In this Saturday, Nov. 7, 2020 file photo, President Donald Trump supporters cheer as Georgia State Rep. Vernon Jones speaks, at the capital, in Atlanta. Jones was one of several politicians to tour the Arizona Senate’s election audit at Veterans Memorial Coliseum in hopes of replicating the process for their own states. /AP Photo/Mike Stewart, File
By Kyra Haas and Dillon Rosenblatt | Arizona Capitol Times
Delegates from roughly a dozen states have made the pilgrimage to Arizona in hopes of replicating the state Senate’s partisan election audit, but legal and political barriers will probably keep them from succeeding.

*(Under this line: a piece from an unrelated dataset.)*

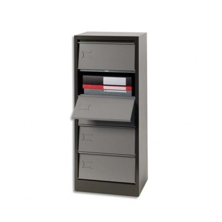 Système de rangements à clapets permettant de classer des dossiers à plat. Les colonnes à clapets sont équipées d’une fermeture magnétique. Les portes horizontales sont articulées sur axe invisible à panneau incliné et avec poignée roulée. Construction soudée monobloc épaisseur 7/10e avec socle en tôle galvanisée. Porte-étiquette embouti sur chaque porte. Dimensions utiles de chaque case (l x h x p) : 38,3 x 15,8 x 28,3 cm. Pour un classement très pratique !

From the beginning, staunch supporters of the events transpiring at Veterans Memorial Coliseum, or the Madhouse on McDowell, have looked at Arizona as the “first domino to fall.”
Now, as the work of Cyber Ninjas and other independent contractors begins to wane, Republicans from other states are trying to carry the torch forward.
Audit spokesman Randy Pullen confirmed that visitors from 13 states — Alaska, Colorado, Georgia, Michigan, Missouri, New Mexico, Oklahoma, Pennsylvania, Tennessee, Utah, Virginia, Wisconsin and Wyoming — have visited Arizona to see the first-of-its-kind exercise, but he also told a pool reporter it was as many as 17 states.
Arizona Capitol Times requested a complete list of audit visitors from the state Senate, but did not immediately receive documents.